Onderdeel van zaak 2025Z07330:
- Voortouwcommissie: vaste commissie voor Financiën
- 2025-04-16 14:30: Wetsvoorstel Wet tegenbewijsregeling box 3 (Rondetafelgesprek), vaste commissie voor Financiën
- 2025-04-17 10:00: Procedurevergadering Financiën (Procedurevergadering), vaste commissie voor Financiën
Preview document (🔗 origineel)
Position paper Bernard Bavinck voor rondetafelgesprek 16 april 2025
In deze notitie zal ik een paar opmerkingen maken naar aanleiding van het Wetsvoorstel voor de Wet tegenbewijsregeling box 3.
Terugwerkende kracht
De tegenbewijsregeling werkt gedeeltelijk (artikelen I, III en IV) terug naar eerdere jaren.

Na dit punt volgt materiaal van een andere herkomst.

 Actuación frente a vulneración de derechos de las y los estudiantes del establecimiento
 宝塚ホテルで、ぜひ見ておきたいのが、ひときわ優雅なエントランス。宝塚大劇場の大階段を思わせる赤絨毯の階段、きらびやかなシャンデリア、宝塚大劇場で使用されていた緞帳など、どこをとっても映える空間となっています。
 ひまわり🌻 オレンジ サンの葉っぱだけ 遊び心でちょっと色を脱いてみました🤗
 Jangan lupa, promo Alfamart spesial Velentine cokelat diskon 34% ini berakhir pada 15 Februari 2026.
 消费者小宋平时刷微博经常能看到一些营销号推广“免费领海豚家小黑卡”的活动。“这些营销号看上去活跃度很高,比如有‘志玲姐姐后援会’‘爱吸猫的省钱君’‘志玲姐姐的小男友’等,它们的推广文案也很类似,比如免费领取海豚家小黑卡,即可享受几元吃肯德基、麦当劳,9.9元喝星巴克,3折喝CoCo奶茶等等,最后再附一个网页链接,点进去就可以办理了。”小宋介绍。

Dat is geen probleem voor zover sprake is van een codificatie van de arresten van de Hoge Raad. De wet kan in geval van terugwerkende kracht afwijken van de arresten van de Hoge Raad voor zover dat in het voordeel van belastingplichtigen is. Maar kan dat ook in geval de wet nadeliger uitpakt voor belastingplichtigen?

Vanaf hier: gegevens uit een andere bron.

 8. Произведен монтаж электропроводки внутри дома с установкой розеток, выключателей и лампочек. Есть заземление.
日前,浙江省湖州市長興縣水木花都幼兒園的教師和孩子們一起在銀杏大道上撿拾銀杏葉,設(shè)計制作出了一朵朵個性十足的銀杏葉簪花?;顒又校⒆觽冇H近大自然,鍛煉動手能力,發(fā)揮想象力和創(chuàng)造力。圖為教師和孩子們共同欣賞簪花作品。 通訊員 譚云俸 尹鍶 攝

In beginsel kan een belastingwet niet ten nadele van belastingplichtigen met terugwerkende kracht worden ingevoerd1. Maar geldt dat ook voor de tegenbewijsregeling? Dat is voor zover die terugwerkt een bijzondere wet omdat daarmee wordt bepaald wat de op rechtsherstel gerichte compensatie moet zijn wanneer het wettelijke forfait hoger is dan het werkelijk rendement van de belastingplichtige. Wellicht heeft de wetgever dan meer ruimte voor een terugwerkende kracht dan bij een ‘normale’ wettelijke regeling. Het arrest van 6 juni 2024, ECLI:NL:HR:2024:705, BNB 2024/84 biedt steun voor deze stelling. In dat arrest beoordeelde de Hoge Raad of de Herstelwet kan leiden tot schending van de door artikel 1 EP in samenhang met artikel 14 EVRM gewaarborgde rechten. De Herstelwet is in werking getreden op 28 december 2022, maar werkte terug tot het jaar 2017 en volgende. De Hoge Raad had de zaak daarom ook anders kunnen afdoen door te oordelen dat de wetgever niet met terugwerkende kracht de op rechtsherstel gerichte compensatie in een voor belastingplichtigen ongunstige wijze kan beïnvloeden. Dat heeft de Hoge Raad niet gedaan. Uit het arrest leid ik af dat de Herstelwet met betrekking tot de compensatie voor de spaarders niet op bezwaren stuit (r.o. 5.3.2), kennelijk ook niet indien de forfaitaire berekening niet exact overeenkomt met de werkelijk door de belastingplichtige genoten rente. Dat de Herstelwet toch in strijd was met artikel 1 EP werd veroorzaakt door de schending van het gelijkheidsbeginsel bij de heffing van de overige beleggingen. Hieruit zou kunnen worden afgeleid dat de wetgever bij de invulling van de compensatie meer ruimte heeft voor een terugwerkende kracht dan gebruikelijk. Ik kom op dit punt terug bij mijn opmerkingen over de heffing van onroerende zaken. Dit is met name van belang voor de invoering van een voordeel voor eigen gebruik van een woning. Daarop ga ik hierna in punt 3 in.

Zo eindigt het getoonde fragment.